Greco argues that his offender score was computed incorrectly because the trial court did not consider all the counts to be the same offense under RCW 9.94A.400.[3]

[17] The trial court's determination of what is the same criminal conduct is reviewed for abuse of discretion and misapplication of the law. State v. Collicott, 112 Wash. 2d 399, 404, 771 P.2d 1137 (1989).

[18] Crimes are part of the same criminal conduct if they arise from the same course of conduct and are intimately related or if "one crime furthered the other and if the time and place of the two crimes remained the same." State v. Dunaway, 109 Wash. 2d 207, 215, 743 P.2d 1237, 749 P.2d 160 (1987). Neither are crimes involving different victims the same criminal conduct. Dunaway, 109 Wn.2d at 215.

*207 Greco's briberies involved three agencies and five individuals. The trial court did not err in computing Greco's offender score.

CONCLUSION

The judgment and sentence for the official misconduct count (RCW 42.20.010(3)) are affirmed. The judgment and sentence on the bribery counts are vacated and remanded for entry of further findings of fact and conclusions of law, after the filing of which with this court, their sufficiency, and the sufficiency of the evidence, will be addressed.

ALEXANDER, C.J., and MITCHELL, J. Pro Tem., concur.
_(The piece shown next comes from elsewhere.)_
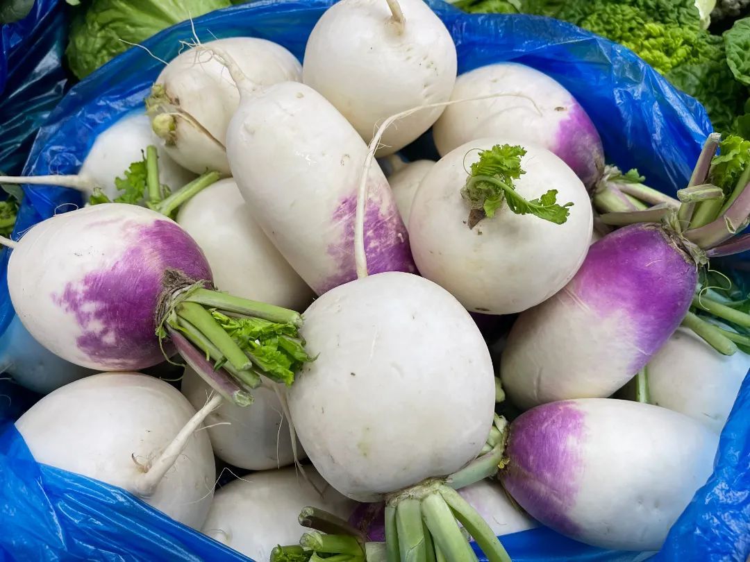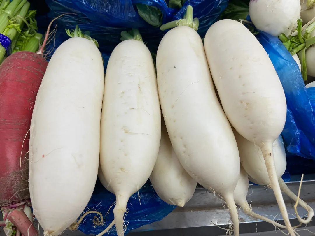 另外,作为冬季养生必备的萝卜,分长和圆两种。摊主介绍,长条状的普通萝卜水份较多,适合煮汤。而圆萝卜则适合与荤菜一起红烧,风味各不相同。

Review denied at 114 Wash. 2d 1027 (1990).

NOTES

[1] RCW 9A.68.010 reads in pertinent part as follows:

"(1) A person is guilty of bribery if:

"(a) With the intent to secure a particular result in a particular matter involving the exercise of the public servant's vote, opinion, judgment, exercise of discretion, or other action in his official capacity, he offers, confers, or agrees to confer any pecuniary benefit upon such public servant; or

"(b) Being a public servant, he requests, accepts, or agrees to accept any pecuniary benefit pursuant to an agreement or understanding that his vote, opinion, judgment, exercise of discretion, or other action as a public servant will be used to secure or attempt to secure a particular result in a particular matter."

[2] It is apparent from the trial Judge's memorandum opinion that, in light of State v. O'Neill, 103 Wash. 2d 853, 700 P.2d 711 (1985), he believed the necessary element of corrupt intent could be supplied by implication. The memorandum opinion, however, cannot fill the void in findings of fact in criminal cases where the omissions consist of the basic elements of the crime.

[3] RCW 9.94A.400(1)(a) provides in pertinent part as follows: "[I]f the court enters a finding that some or all of the current offenses encompass the same criminal conduct then those current offenses shall be counted as one crime.... `Same criminal conduct,' as used in this subsection, means two or more crimes that require the same criminal intent, are committed at the same time and place, and involve the same victim."